Marcus has said that this has created a vicious cycle where companies are caught in a trap to pursue benchmarks instead of the foundational ideas of intelligence. This search for clarity pushed a lot of interest into interpretability and the money followed later. Until a couple of years ago, explainable AI witnessed its time in the spotlight. There was a wave of core AI startups like Kyndi, Fiddler Labs and DataRobot that integrated explainable AI within them. Explainable AI started gaining traction among VCs, with firms like UL Ventures, Intel Capital, Light Speed and Greylock seen actively investing in it. A report by Gartner stated that “30% of government and large enterprise contracts will require XAI solutions by 2025”.
However, most of the growth in explainable AI was expected to arise in industries like banking, health care and manufacturing—essentially, areas which placed a high value on trust and transparency and required accountability from these AI models. The money also flowed in that direction. VCs were more keen to put their money on more tedious applications that were focused on transforming an existing industry rather than a distant moonshot.

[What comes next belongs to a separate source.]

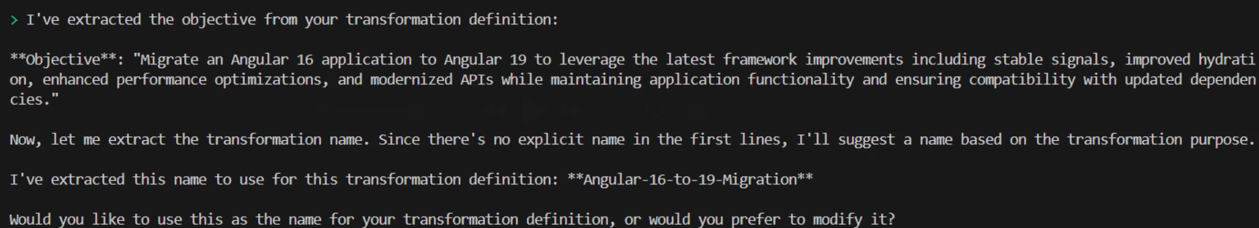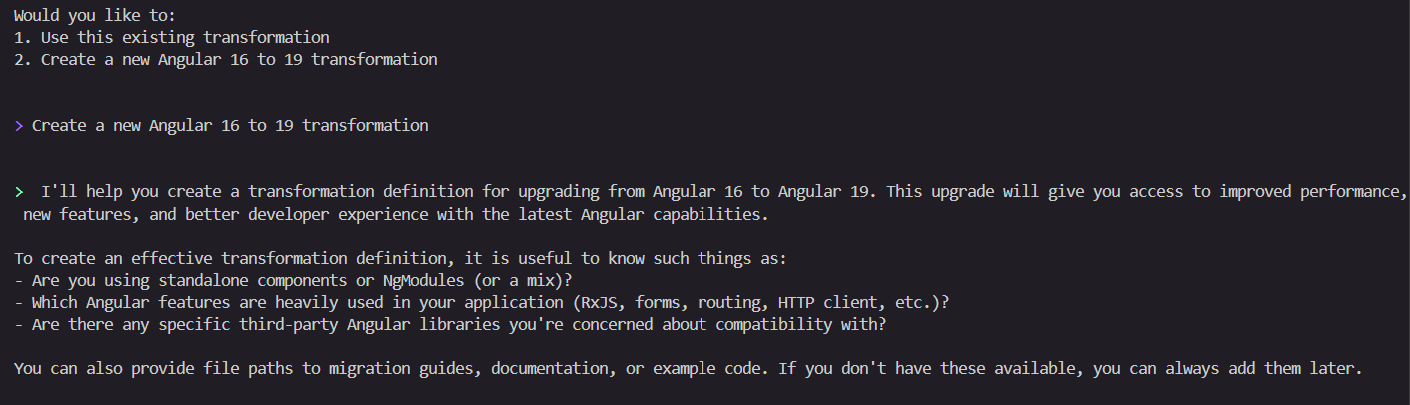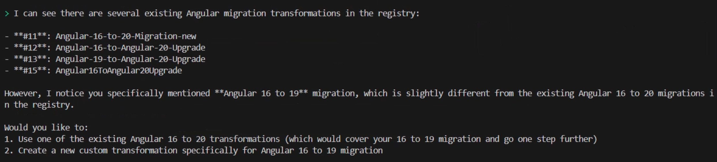 It then prompts me to provide more information about the kind of transformation I’d like to perform. For this demo, I’m going to migrate an Angular application, so I type angular 16 to 19 application migration which prompts the CLI to search for all transformations available for this type of migration. In my case, my team has already created and made available a few Angular migrations, so it shows me those. However, it warns me that none of them is an exact match to my specific request for migrating from Angular 16 to 19. It then asks if I’d like to select from one of the existing transformations listed or create a custom one.

Explainability in commercial AI and academic research
Startups like Anthropic were started with a very different intention than this. Founded by OpenAI‘s former VP of research Dario Amodei along with his sister, Daniela, the startup was formed less than a year back with nine other OpenAI employees. The young company picked up USD 124 million in funding then. Not even a year later, it raised another USD 580 million. The Series B round was led by the CEO of FTX Trading, Sam Bankman-Fried and included participation from Jaan Tallinn, co-founder of Skype, Infotech’s James McClave and former Google CEO Eric Schmidt.
What’s even more interesting is that Anthropic’s list of supporters didn’t include the usual suspects among deep tech investors. But, this is possibly because the startup is a non-profit organisation which immediately made it a deal breaker.
Ironically, like Wolf mentioned, the work that Anthropic was doing was rare. It wasn’t like companies that were waving the explainable AI flag to cater to the market. It is quietly working on improving the safety of compute-heavy AI models and understanding the source of behaviour in today’s LLMs.
After its big Series B funding, CEO Amodei said, “With this fundraise, we’re going to explore the predictable scaling properties of machine learning systems, while closely examining the unpredictable ways in which capabilities and safety issues can emerge at-scale. We’ve made strong initial progress on understanding and steering the behaviour of AI systems, and are gradually assembling the pieces needed to make usable, integrated AI systems that benefit society.”

A recent report titled ‘State of AI Report 2022’ by Nathan Benaich of Air Street Capital and Ian Hogarth of Plural Platform observed that funding in academic research in AI was drying up (with the exception of Anthropic) with a lot of the money shifting to the commercial sector. “Once considered untouchable, talent from Tier 1 AI labs is breaking loose and becoming entrepreneurial,” the report stated. More so, some research labs backed by tech giants have been shut down like Meta’s central AI research arm. “Alums are working on AGI, AI safety, biotech, fintech, energy, dev tools and robotics,” the document mentioned.